Try it: Pictures don't belong in the copy; print all the records exactly.

Materials provided:

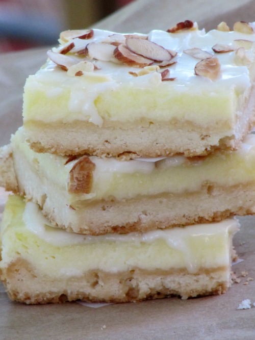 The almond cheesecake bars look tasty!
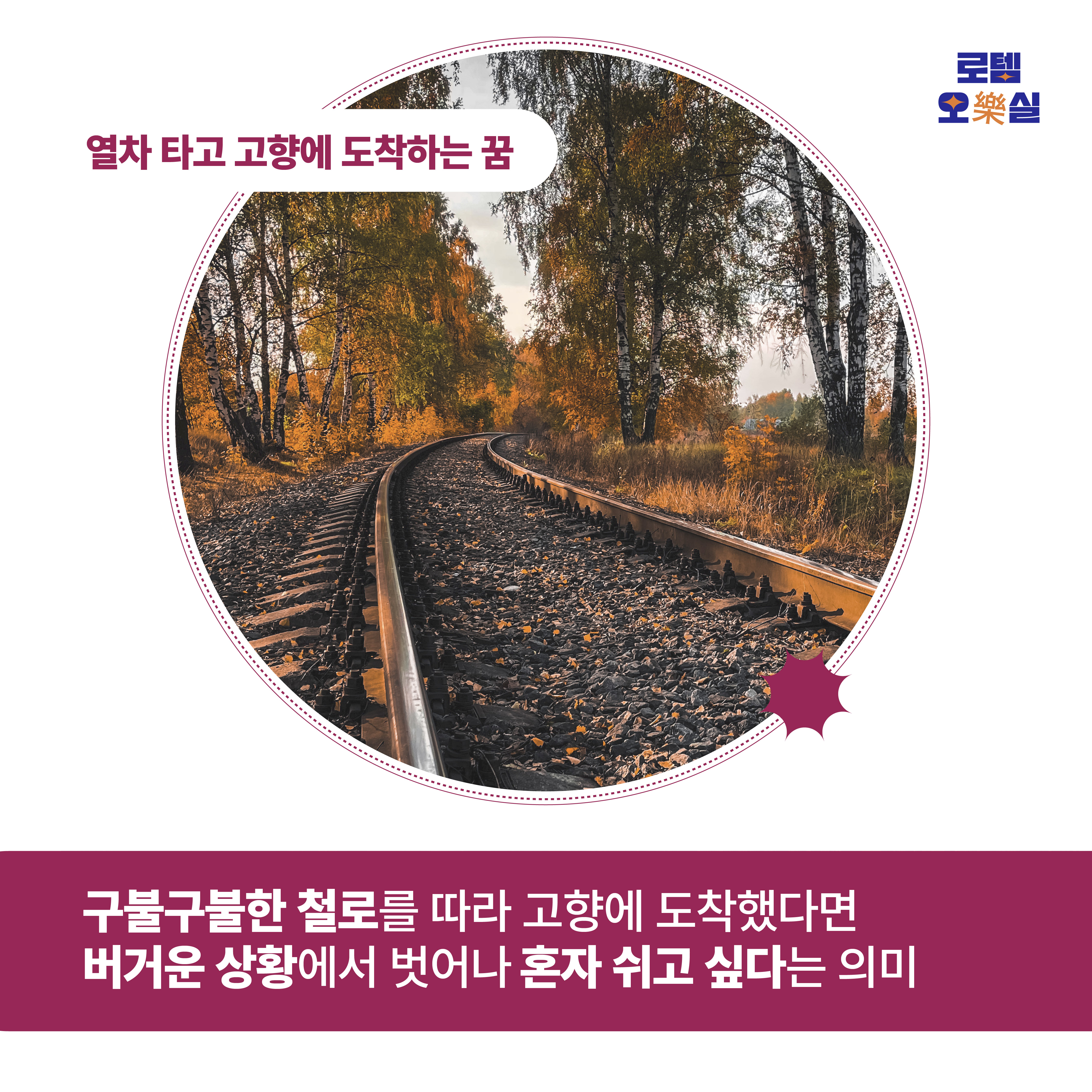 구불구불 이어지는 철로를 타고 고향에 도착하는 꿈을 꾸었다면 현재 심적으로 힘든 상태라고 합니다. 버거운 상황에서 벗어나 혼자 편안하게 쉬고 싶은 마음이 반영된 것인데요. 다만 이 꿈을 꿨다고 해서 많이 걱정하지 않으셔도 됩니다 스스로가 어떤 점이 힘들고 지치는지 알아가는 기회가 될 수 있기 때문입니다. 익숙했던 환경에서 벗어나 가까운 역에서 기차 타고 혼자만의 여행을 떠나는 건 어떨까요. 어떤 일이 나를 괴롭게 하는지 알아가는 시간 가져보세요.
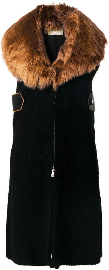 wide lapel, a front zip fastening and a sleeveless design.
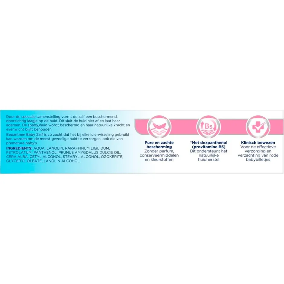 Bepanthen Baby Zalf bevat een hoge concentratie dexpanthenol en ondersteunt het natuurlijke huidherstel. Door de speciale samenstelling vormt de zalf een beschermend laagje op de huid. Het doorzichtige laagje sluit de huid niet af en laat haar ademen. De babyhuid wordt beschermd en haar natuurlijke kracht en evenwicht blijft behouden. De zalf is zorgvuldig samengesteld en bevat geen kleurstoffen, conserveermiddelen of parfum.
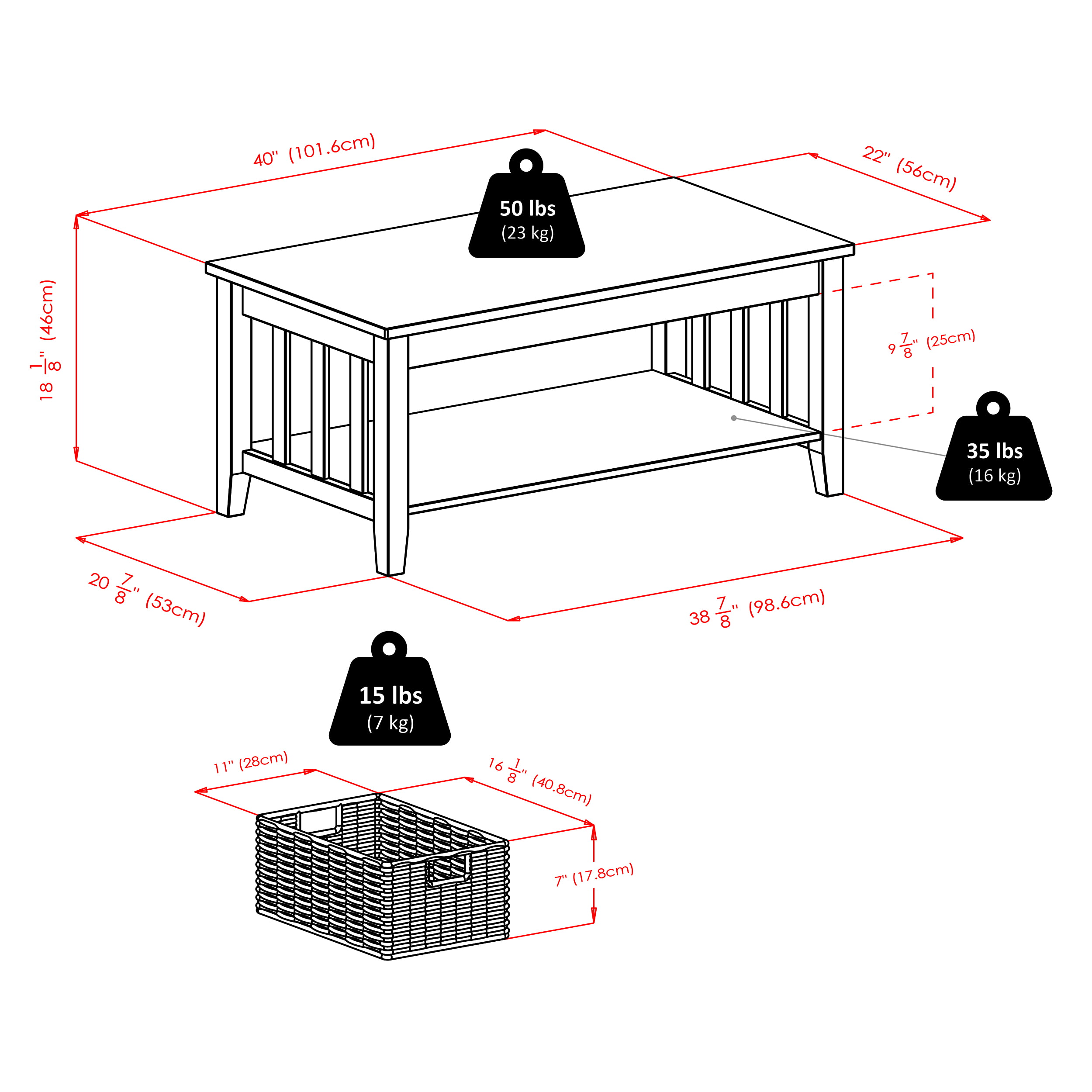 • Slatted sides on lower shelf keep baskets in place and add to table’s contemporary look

Answer to this problem:
 The almond cheesecake bars look tasty!
 구불구불 이어지는 철로를 타고 고향에 도착하는 꿈을 꾸었다면 현재 심적으로 힘든 상태라고 합니다. 버거운 상황에서 벗어나 혼자 편안하게 쉬고 싶은 마음이 반영된 것인데요. 다만 이 꿈을 꿨다고 해서 많이 걱정하지 않으셔도 됩니다 스스로가 어떤 점이 힘들고 지치는지 알아가는 기회가 될 수 있기 때문입니다. 익숙했던 환경에서 벗어나 가까운 역에서 기차 타고 혼자만의 여행을 떠나는 건 어떨까요. 어떤 일이 나를 괴롭게 하는지 알아가는 시간 가져보세요.
 wide lapel, a front zip fastening and a sleeveless design.
 Bepanthen Baby Zalf bevat een hoge concentratie dexpanthenol en ondersteunt het natuurlijke huidherstel. Door de speciale samenstelling vormt de zalf een beschermend laagje op de huid. Het doorzichtige laagje sluit de huid niet af en laat haar ademen. De babyhuid wordt beschermd en haar natuurlijke kracht en evenwicht blijft behouden. De zalf is zorgvuldig samengesteld en bevat geen kleurstoffen, conserveermiddelen of parfum.
 • Slatted sides on lower shelf keep baskets in place and add to table’s contemporary look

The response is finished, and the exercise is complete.